Trimmed fastqs, bams, bigwigs:

These are in the EXPERIMENT_NAME folders. For example, in your manifest.csv, there are two experiments, "GN_1019" and "GN_1020", then, under the GN_1019/ folder you would see the following:

  1. fastqs: The trimmed and the demultiplexed fastqs.
    • all.Tr.fq* is the adapter and UMI removed ones
    • ultraplex*RBP.fastq.gz are the demultiplexed.
  2. bams: bam files.
    • *rmDup.Aligned.sortedByCoord.out.bam is the PCR deduplicated bams. This is usually the bam you would want to use for other analysis!
    • *Aligned.sortedByCoord.out.bam is before deduplication.
  3. bw contains bigwig files!
    • CITS calculates the number of 5' read stops per nucleotide position. 5' read stop is presumed to be the crosslinking site.
    • COV calculates read coverage.
  4. bw_bg contains bigwigs of "complementary control(CC)", namely, summing all the other RBPs together.

QC: Quality control files.

These contain numbers that will help you debug your protocol. To look at them swiftly, I personally like to install VS code, and install some csv editing extension so the file can appear like a table. Everything is compiled into QC/summary.csv.

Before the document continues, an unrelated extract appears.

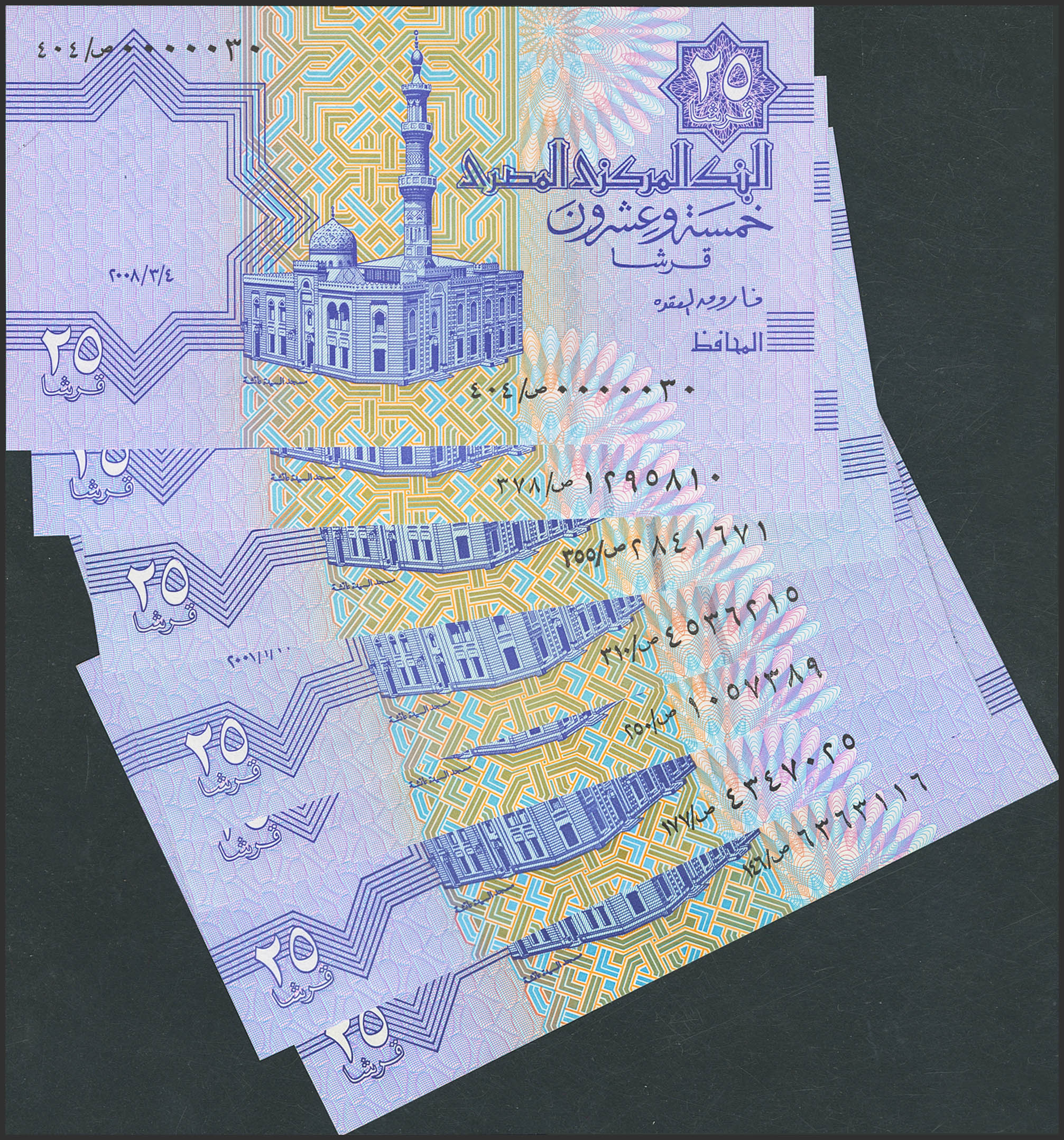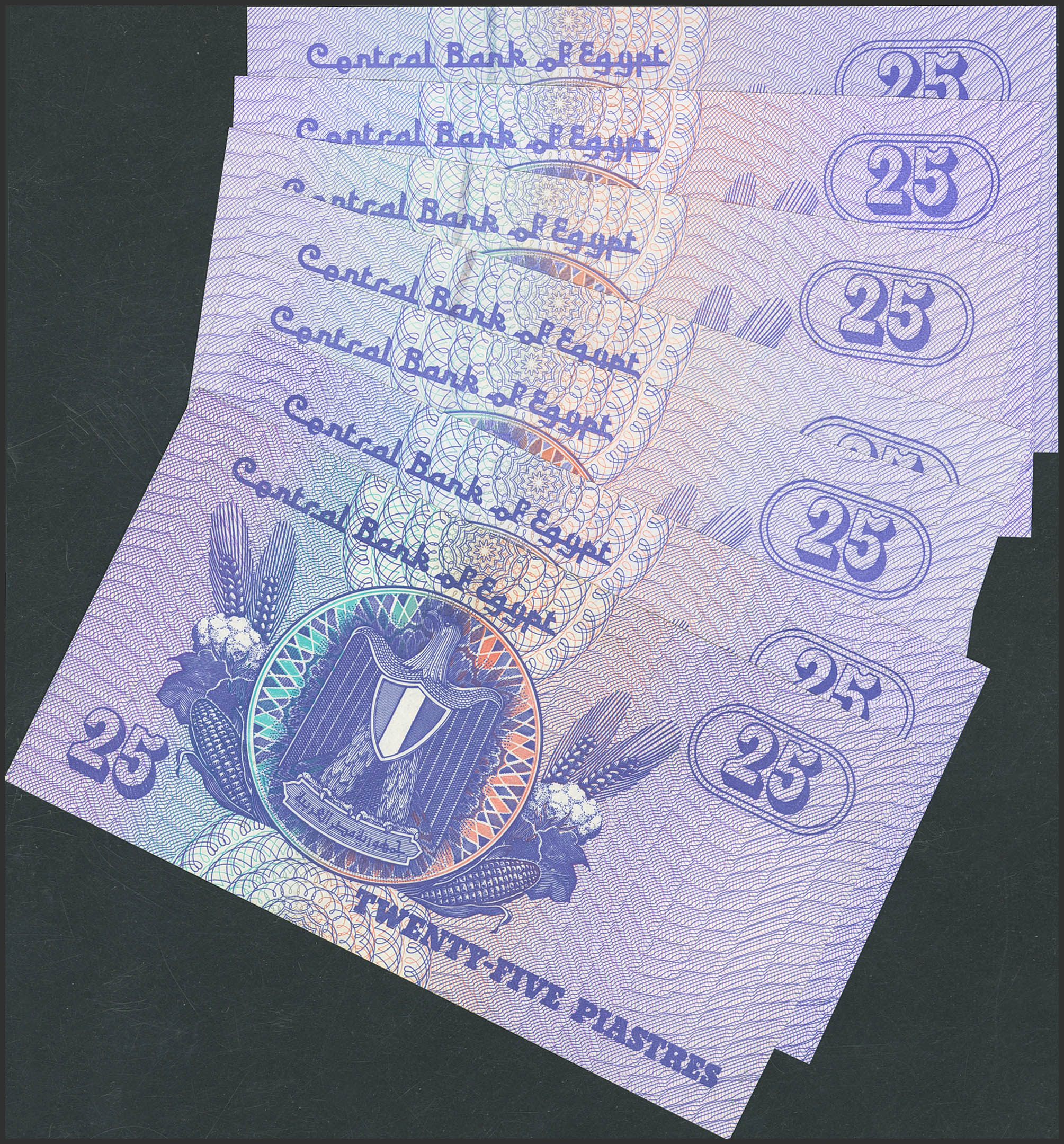 EGYPT. Lot of 7 notes of 25 Piastres. 1985 to 2008. Central Bank. (Pick: 57a, 57b(2), 57d, 57f, 57g, 57h). Uncirculated.

  1. cutadapt_stat.csv contains how many times reads contain adapter, and how many reads are too short after adapter trimming.
    • One of my favorite column is "Reads/Pairs that were too short". When reads are too short after trimming, it means they are probably adapter dimer, or you fragment it too much.
  2. fastQC* are the summary from fastqs that has been trimmed.
    • CLIP reads are usually bad at GC content. So it is normal to see failed GC.
    • I will always look at "adapter content" in fastQC_passfail.csv to make sure adapters are all gone. If this column fails, maybe you input the wrong adapter sequence, or gets contaminated by some other stuffs.
  3. Read count after demultiplexing. demux_read_count.txt.
  4. Duplication: dup_level.csv. This file contains the number of reads after and before PCR deduplication. If the column "unique reads" is very low, you might have amplified too much!
  5. Mapping statistics mapping_stat.csv.
    • "Unique mapped reads%" are the percentage of reads that map to only 1 position in the genome. These were called "Usable reads" in the old eCLIP terminology.
    • "% of reads mapped to multiple loci" are the reads that map to 2~100 positions. These are mostly ribosomal RNAs. It is normal to see quite some (30-50%) multimapping reads in eCLIP
    • Then it is the reason why the rest are unmapped:
      • "% of reads mapped to multiple loci", "% of reads unmapped: too short", and "other reasons". These will help your bioinformatician debug what is going wrong. Common reasons to have lots of unmapped reads:
        • Adapter trimming is bad. The read still contains adapter sequences when they enter mapping algorithms.
        • Cells is contaminated. The baterial/fungal genomes gets sequences and does not map to human genome.
  6. Read level metrices in read_count/ folder:
    • *cosine_similarity.csv: Here we construct a vector, contains read counts per genomic bin for each RBP. Cosine similarity measure globally how two RBP are similar with each other. If you see big numbers, it means the two RBPs are very similar. In the Antibody barcoded CLIP paper we published, the cosine similarity is typically between 0.4~0.7. If all of the RBPs are similar, it can indicate loss of specificity.
    • *gene_name.csv: This contains how many read per gene for each RBP.
    • *gene_type.csv: contains how many read per gene/transcript type for each RBP.
    • *region.csv: This contains how many read per region for each RBP.
    • All of the above can help you see if there is the right enrichment and specificity for your multiplex CLIP.

Peaks, Binding Sites

This pipeline tries to integrate multiple peak callers/binding site finders and orchestrate secondary analysis (peaks per region, motifs etc).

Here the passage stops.